The T BBR difference is related to thermal losses. As discussed earlier, heat dissipation by conduction to the platinum electrodes during cylindrical sample sintering causes lower electrical conductivity. Thus, the flash event happens at a higher furnace temperature for cylindrical samples than dog-bone ones. Since T BBR estimates raise furnace temperatures to the fourth power, as Eq. (A) shows, this explains the increase in the estimated temperature for cylindrical samples.

Utilizing the constraints specified in Table 2, optimized values for E and J were estimated. Subsequently, FS was conducted using the obtained values to validate the optimized mathematical model.
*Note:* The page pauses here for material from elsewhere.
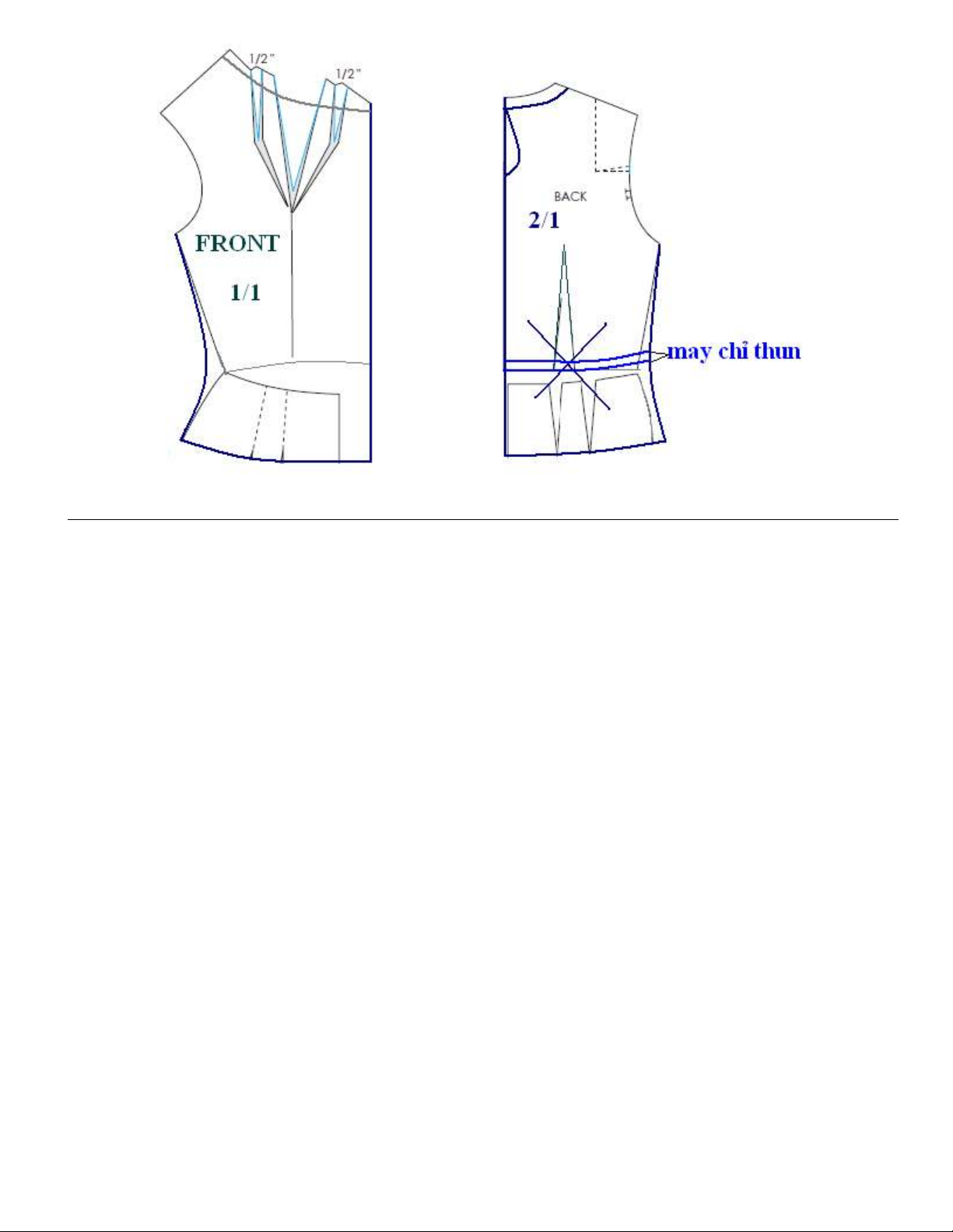 Bàn vẻ thiết kế cấu trúc thân trước, thân sau áo:

Cross-validation was also executed to assess the models’ generalization capacity, with the objective of evaluating their accuracy and subjecting them to testing with all available data.

Table 5 shows the predicted and experimental ρ, onset, and T BBR values obtained for the validation FS and the cross-validation of the mathematical models using the optimized E and J values obtained by the Mathematica software.

Table 5
Values of ρ, onset, and T BBR obtained using the values of E and J, optimized by the Mathematica software, for validation and cross-validation of the mathematical models obtained.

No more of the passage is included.